А я упивалась своим презрением к нему, такому мелкому. И это было совсем не интеллигентно, не по-доброму. Я была переполнена тщеславием. И, если разбираться, победитель я или побеждённый?
Я надела своё облегающее красное платье. Красный цвет символизирует полноту жизни. И я, полная желаний, ушла из старой жизни.
Я беременна от Ильи
В Александринке мы встретились с Мариной. Она у нас известный театрал, не пропускает ни одной премьеры, ни одного значимого события. Любит собирать басни про артистов и потом часами висит на телефоне, обсуждая с подругами подробности жизни знаменитостей, смакуя детали.
После Ялты мы с ней только перезванивались, так, ни о чём серьёзном не говорили, только «как ты?» и «что делаешь?».
И вот в фойе вижу: Марина с царственной грацией идёт в сногсшибательном платье из зелёной тафты, воротник лодочкой красиво окаймляет её нежную шею. Я подошла сзади и обхватила её тонкую талию. Она обернулась, и мы обнялись. Марина на таких высоченных шпильках, что я оказалась ниже её плеч. Я почувствовала себя неуютно и отодвинулась подальше: не хотелось на её фоне выглядеть коротышкой.

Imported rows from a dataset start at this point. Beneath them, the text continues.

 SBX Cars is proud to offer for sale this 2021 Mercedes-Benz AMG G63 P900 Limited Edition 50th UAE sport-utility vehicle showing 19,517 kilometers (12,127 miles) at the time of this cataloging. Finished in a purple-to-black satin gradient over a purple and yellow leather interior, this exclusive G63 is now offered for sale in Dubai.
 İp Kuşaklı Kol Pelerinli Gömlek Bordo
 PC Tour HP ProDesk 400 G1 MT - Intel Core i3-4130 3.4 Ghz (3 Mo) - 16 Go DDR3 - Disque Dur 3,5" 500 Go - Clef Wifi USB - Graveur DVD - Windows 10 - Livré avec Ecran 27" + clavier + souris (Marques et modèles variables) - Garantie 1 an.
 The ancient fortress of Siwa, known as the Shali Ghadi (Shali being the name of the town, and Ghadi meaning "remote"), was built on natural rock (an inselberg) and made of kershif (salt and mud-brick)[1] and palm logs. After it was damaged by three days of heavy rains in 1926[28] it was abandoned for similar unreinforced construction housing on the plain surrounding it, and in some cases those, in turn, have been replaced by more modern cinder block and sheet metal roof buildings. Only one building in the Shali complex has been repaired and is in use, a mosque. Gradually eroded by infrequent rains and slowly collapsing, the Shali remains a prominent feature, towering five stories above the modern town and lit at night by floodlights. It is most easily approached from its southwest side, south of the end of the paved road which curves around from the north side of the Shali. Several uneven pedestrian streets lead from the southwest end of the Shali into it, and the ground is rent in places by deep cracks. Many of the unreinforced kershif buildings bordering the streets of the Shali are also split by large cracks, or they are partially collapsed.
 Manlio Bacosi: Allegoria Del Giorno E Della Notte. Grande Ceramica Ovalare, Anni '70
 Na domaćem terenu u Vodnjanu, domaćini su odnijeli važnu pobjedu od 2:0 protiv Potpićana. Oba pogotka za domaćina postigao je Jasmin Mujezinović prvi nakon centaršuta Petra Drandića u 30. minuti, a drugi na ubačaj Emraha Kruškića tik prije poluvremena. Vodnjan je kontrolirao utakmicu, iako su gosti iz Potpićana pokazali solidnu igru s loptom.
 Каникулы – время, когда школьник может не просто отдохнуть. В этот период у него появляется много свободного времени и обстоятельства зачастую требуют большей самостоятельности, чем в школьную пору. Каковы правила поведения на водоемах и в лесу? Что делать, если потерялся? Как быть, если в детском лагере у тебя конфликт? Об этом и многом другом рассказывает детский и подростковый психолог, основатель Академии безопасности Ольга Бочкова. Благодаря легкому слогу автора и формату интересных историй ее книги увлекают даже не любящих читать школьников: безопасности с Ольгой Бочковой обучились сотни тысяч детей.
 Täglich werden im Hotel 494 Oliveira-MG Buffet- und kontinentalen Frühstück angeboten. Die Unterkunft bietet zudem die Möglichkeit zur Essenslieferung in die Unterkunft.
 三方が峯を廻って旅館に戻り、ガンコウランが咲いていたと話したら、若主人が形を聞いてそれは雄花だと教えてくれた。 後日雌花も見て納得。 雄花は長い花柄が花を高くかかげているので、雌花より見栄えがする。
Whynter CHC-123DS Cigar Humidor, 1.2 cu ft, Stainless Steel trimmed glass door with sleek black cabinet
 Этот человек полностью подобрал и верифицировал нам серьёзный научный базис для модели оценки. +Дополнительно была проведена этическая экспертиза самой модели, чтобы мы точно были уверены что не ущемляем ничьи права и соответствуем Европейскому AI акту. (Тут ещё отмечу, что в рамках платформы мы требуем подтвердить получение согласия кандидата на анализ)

Марина увидела мою бабушку рядом со мной и сразу припала к ней. Вот подхалимка, понятно же, что Марине нужны контрамарки и пропуски на все нашумевшие спектакли. Многие вьются вокруг моей бабушки: она уже много лет работает секретарём в Ленинградском отделении ВТО, то есть Всероссийского театрального общества. Начинала она ещё при Николае Черкасове, но в основном более десяти лет проработала, когда председателем ВТО был Юрий Толубеев. Про Черкасова постоянно вспоминает, как он входил в приёмную, заполнял пространство своим низким глубоким голосом и всех приветствовал, элегантно целуя руки дамам.
Я оттащила Марину от бабушки и отправилась с ней в буфет – выпить шампанского. К бабушке сразу подбежали любопытствующие, чтобы она рассказала о новом председателе отделения ВТО, в должность тогда вступил Кирилл Лавров.
– Ну что, голуба, рассказывай про себя, – немного снисходительно обратилась ко мне Марина.
– У меня шквал новостей. Не хочу здесь вскользь говорить.
Смотрю, Марина мгновенно переменилась в лице. Она сбросила свою царственность, нависла надо мной, даже сделалась меньше ростом и приготовилась проглотить меня со всеми моими событиями.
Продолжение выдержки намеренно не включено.